* _Items from a dataset_:
>>>>
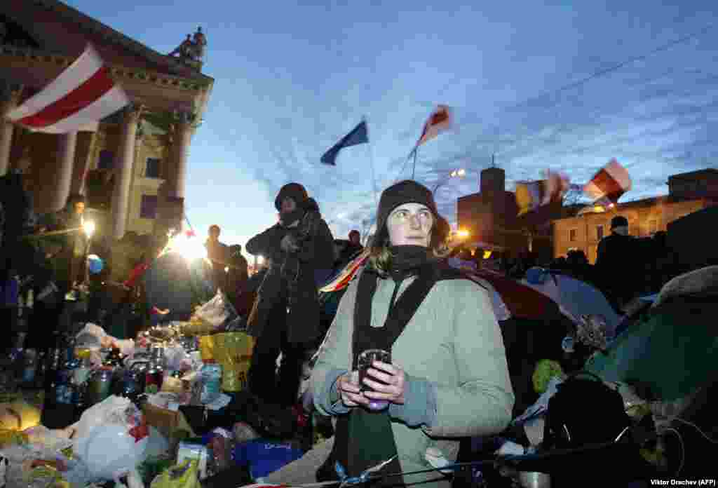 Прыхільніца Лукашэнка перад намётавым мястэчкам
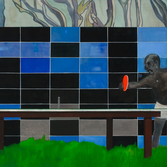 このように三次元と二次元の間を揺れ動くグリッドは、サイズの観点からするとますますあいまいなものとなる。上記の3点でわたしたちがグリッドを一応ビールケースやレンガと判断するのは、手前に立つ人物の大きさとの比較によってである。しかし3点にはどれも意図的に地面が描かれていない(《ピンポン》の地面は奇妙な草に覆われ、《花の家(そこで会いましょう)》では人物の足から下が透明になって消え、《馬と騎手》は馬の脚の付け根までしか画面に入っていない)ため、人物とグリッドとの間に開いた距離を確定することはできない。レンガやビールケースと思われているものは、実は人物からかなり遠くにあって、そのためもっと大きなサイズを持つ箱状の物体(たとえばコンテナなど)がいま仮に小さく見えているだけかもしれないのだ。ここでも見る者は、もとのモチーフのサイズを確定できないことの揺らぎ(「想像上のサイズ」)と、目の前の画面に描かれた四角い色面のサイズ(「物理的なサイズ」)とのあいだで引き裂かれる。
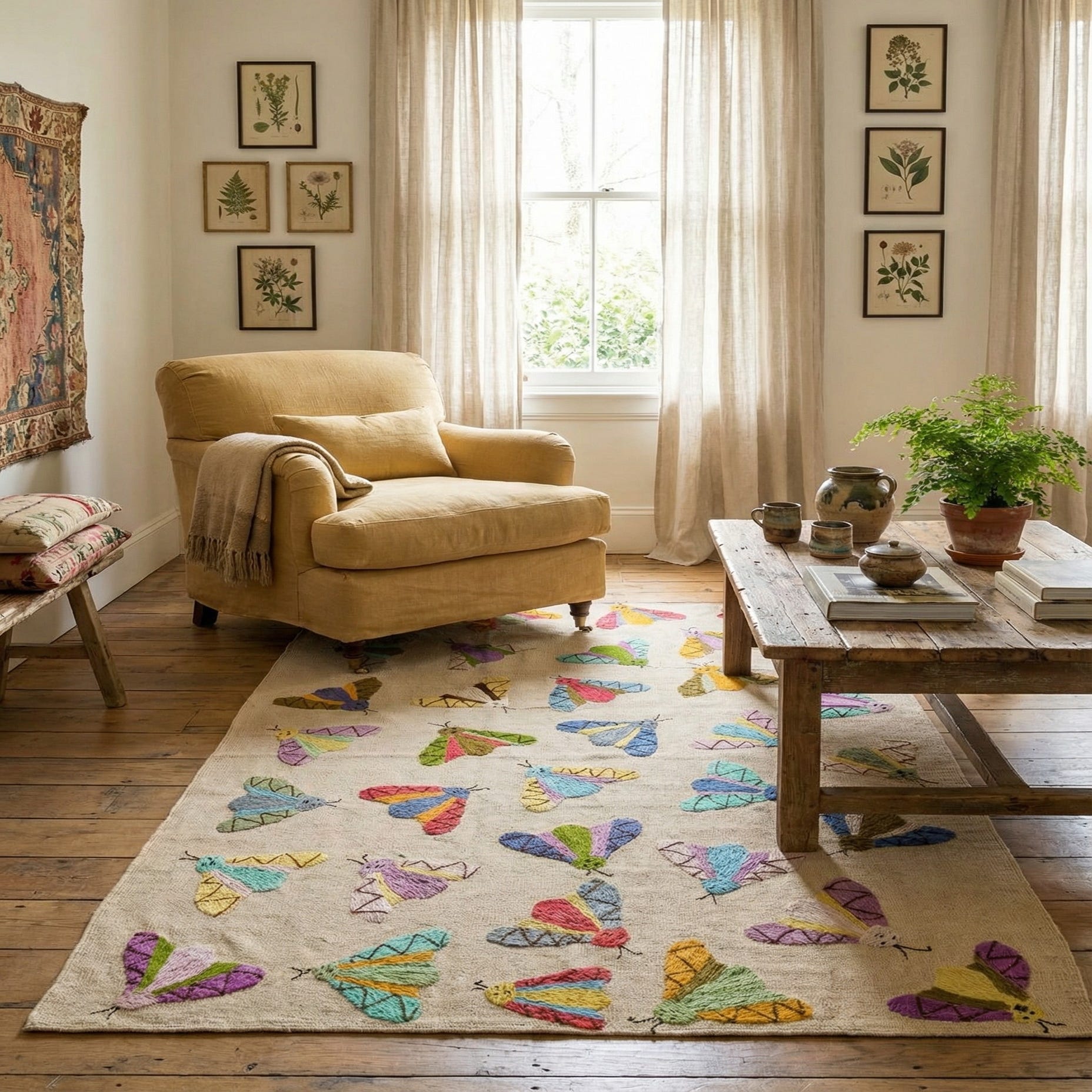 Primary color is Ivory. Colors in this rug include: Ivory, Black, Light Green, Olive, Red, Yellow, Violet, Navy Blue.
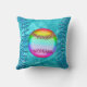 UNIQUE Personalised Super Cute Turquoise Glass look Unique Multicolored Softball Throw Pillows for Girls Bedroom. Fantastic Softball Team Gifts in Your Colours or with a traditional yellow softball.
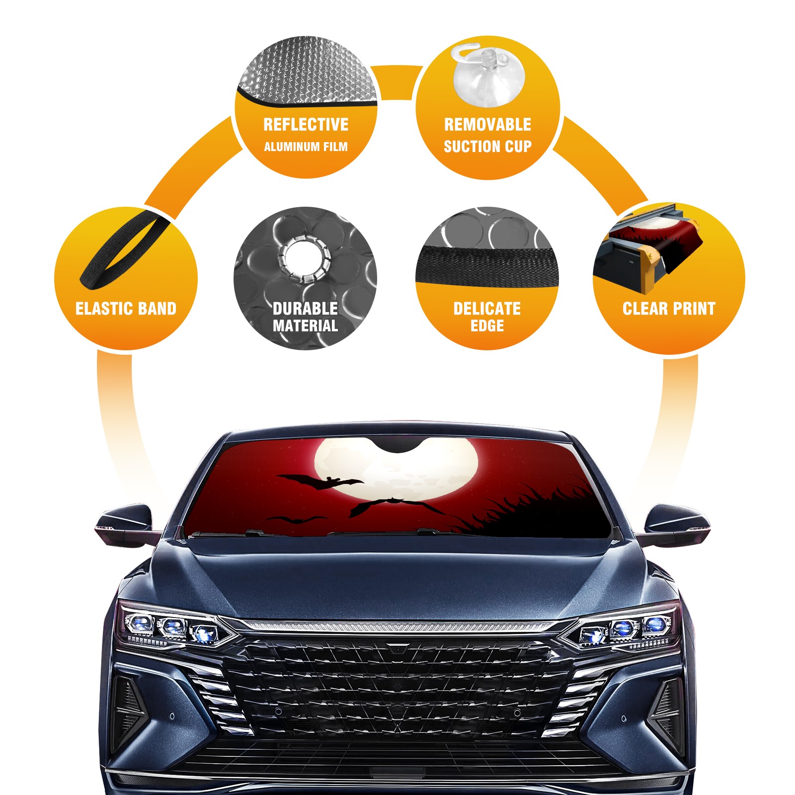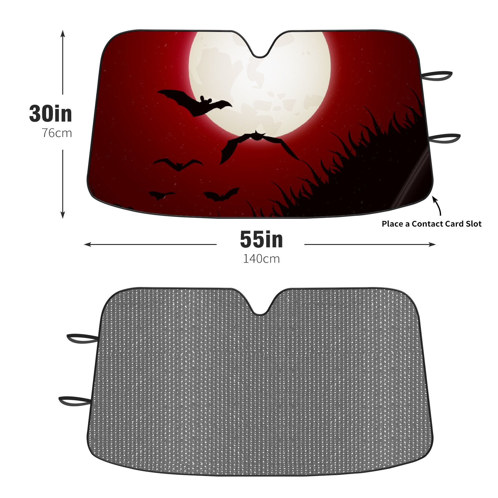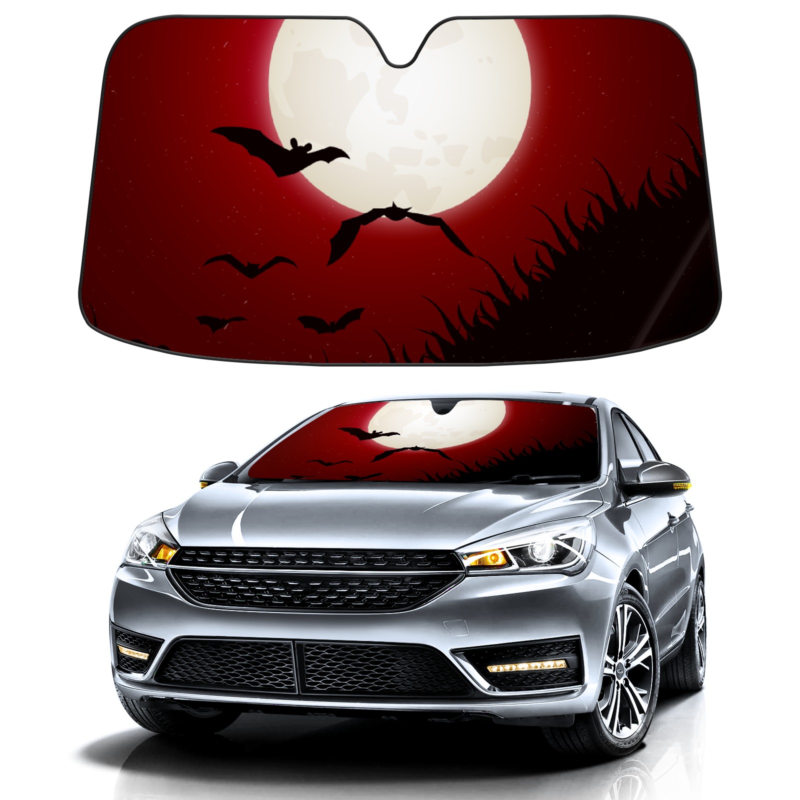 Halloween Moonlight Bat Car Sun Shade UV Protection Foldable Sunshade for Windshield Heat Insulation Portable Sun Shield for Car Interior Protection Automotive Window Protector
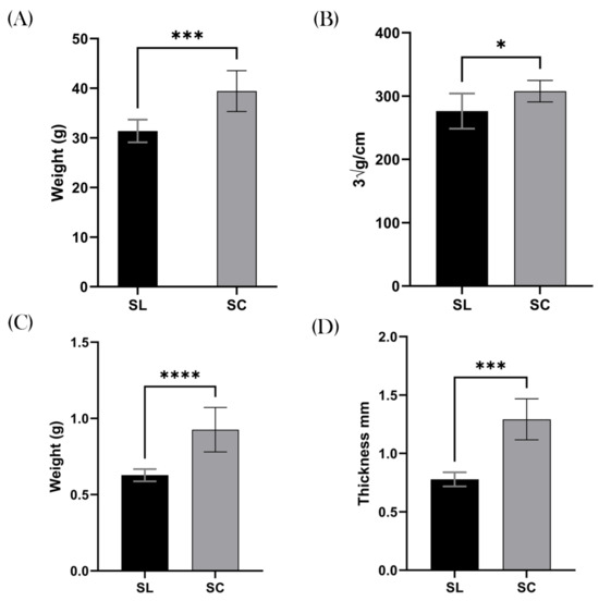 The SC mice demonstrated a significant increase in total body weight compared to their SL counterparts, with a mean weight of 39.4 g and 31.4 g, respectively (p = 0.0003; 95% CI 4.466–11.61), Figure 3A. When calculating the LI, the results remained significant, with the SC group demonstrating a greater body mass index compare to the SL group. For example, the mean SL was 276.3 ∛g/cm and SC was 307.7 ∛g/cm (p = 0.0163; 95% CI 6.732–56.07), Figure 3B.
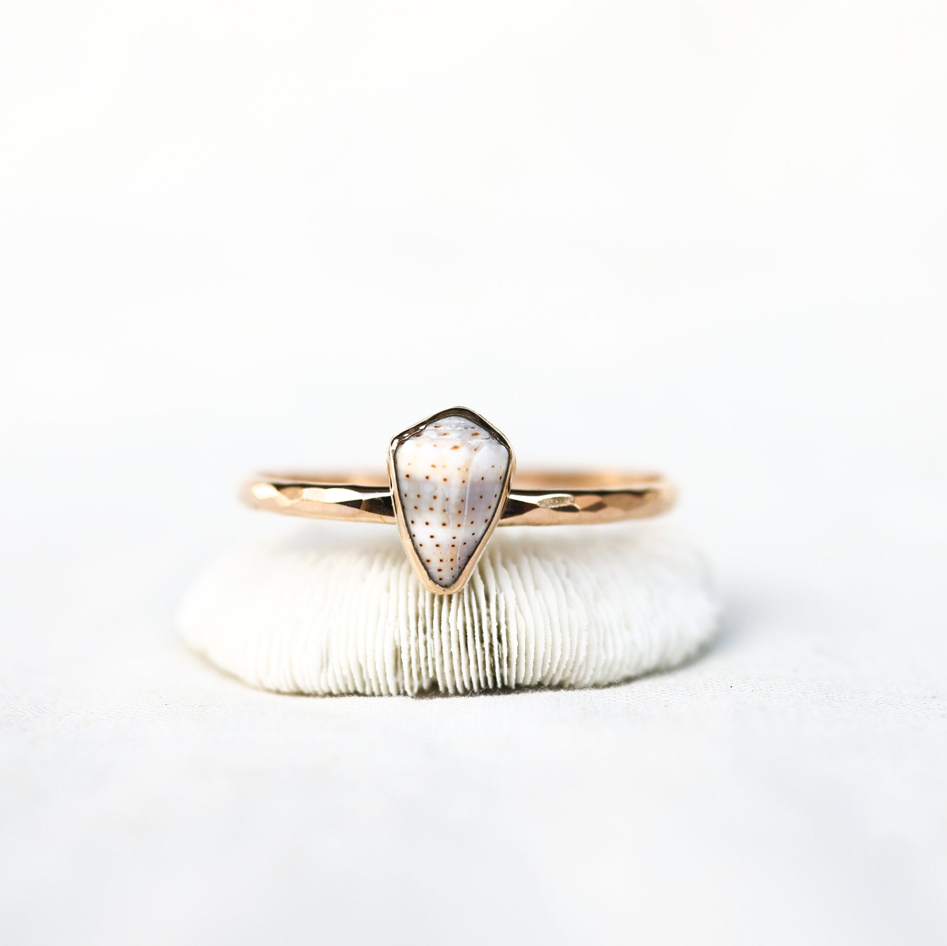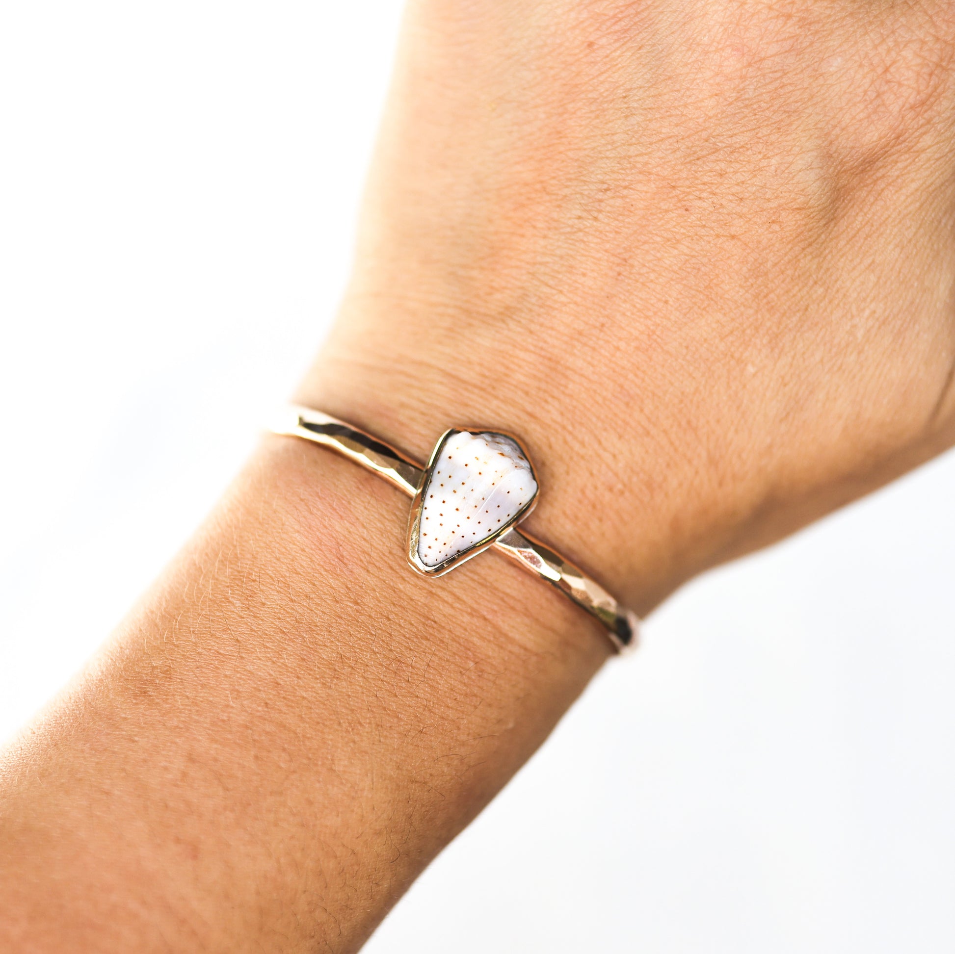 This Hebrew cone shell has been bezel set in 14k gold fill with a .999 fine silver backplate and a 14k gold fill band. The silver backplate is not visible when the bracelet is being worn.
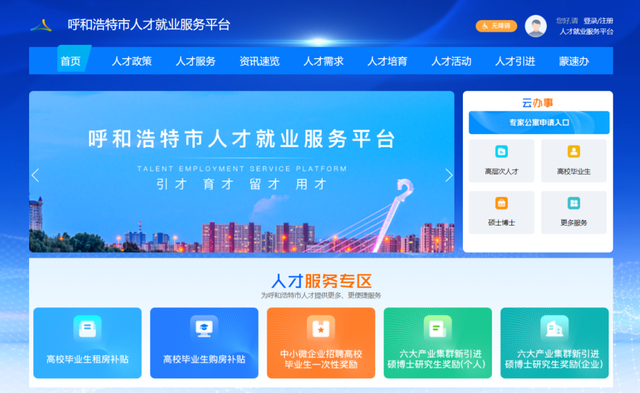 “呼和浩特市人才就业服务平台”网页端或
<<<<
* _WORK TO BE COMPLETED_: Each entry above should be copied word for word, with the images omitted.

* _RESULT OF THE TASK_:
 Прыхільніца Лукашэнка перад намётавым мястэчкам
 このように三次元と二次元の間を揺れ動くグリッドは、サイズの観点からするとますますあいまいなものとなる。上記の3点でわたしたちがグリッドを一応ビールケースやレンガと判断するのは、手前に立つ人物の大きさとの比較によってである。しかし3点にはどれも意図的に地面が描かれていない(《ピンポン》の地面は奇妙な草に覆われ、《花の家(そこで会いましょう)》では人物の足から下が透明になって消え、《馬と騎手》は馬の脚の付け根までしか画面に入っていない)ため、人物とグリッドとの間に開いた距離を確定することはできない。レンガやビールケースと思われているものは、実は人物からかなり遠くにあって、そのためもっと大きなサイズを持つ箱状の物体(たとえばコンテナなど)がいま仮に小さく見えているだけかもしれないのだ。ここでも見る者は、もとのモチーフのサイズを確定できないことの揺らぎ(「想像上のサイズ」)と、目の前の画面に描かれた四角い色面のサイズ(「物理的なサイズ」)とのあいだで引き裂かれる。
 Primary color is Ivory. Colors in this rug include: Ivory, Black, Light Green, Olive, Red, Yellow, Violet, Navy Blue.
 UNIQUE Personalised Super Cute Turquoise Glass look Unique Multicolored Softball Throw Pillows for Girls Bedroom. Fantastic Softball Team Gifts in Your Colours or with a traditional yellow softball.
 Halloween Moonlight Bat Car Sun Shade UV Protection Foldable Sunshade for Windshield Heat Insulation Portable Sun Shield for Car Interior Protection Automotive Window Protector
 The SC mice demonstrated a significant increase in total body weight compared to their SL counterparts, with a mean weight of 39.4 g and 31.4 g, respectively (p = 0.0003; 95% CI 4.466–11.61), Figure 3A. When calculating the LI, the results remained significant, with the SC group demonstrating a greater body mass index compare to the SL group. For example, the mean SL was 276.3 ∛g/cm and SC was 307.7 ∛g/cm (p = 0.0163; 95% CI 6.732–56.07), Figure 3B.
 This Hebrew cone shell has been bezel set in 14k gold fill with a .999 fine silver backplate and a 14k gold fill band. The silver backplate is not visible when the bracelet is being worn.
 “呼和浩特市人才就业服务平台”网页端或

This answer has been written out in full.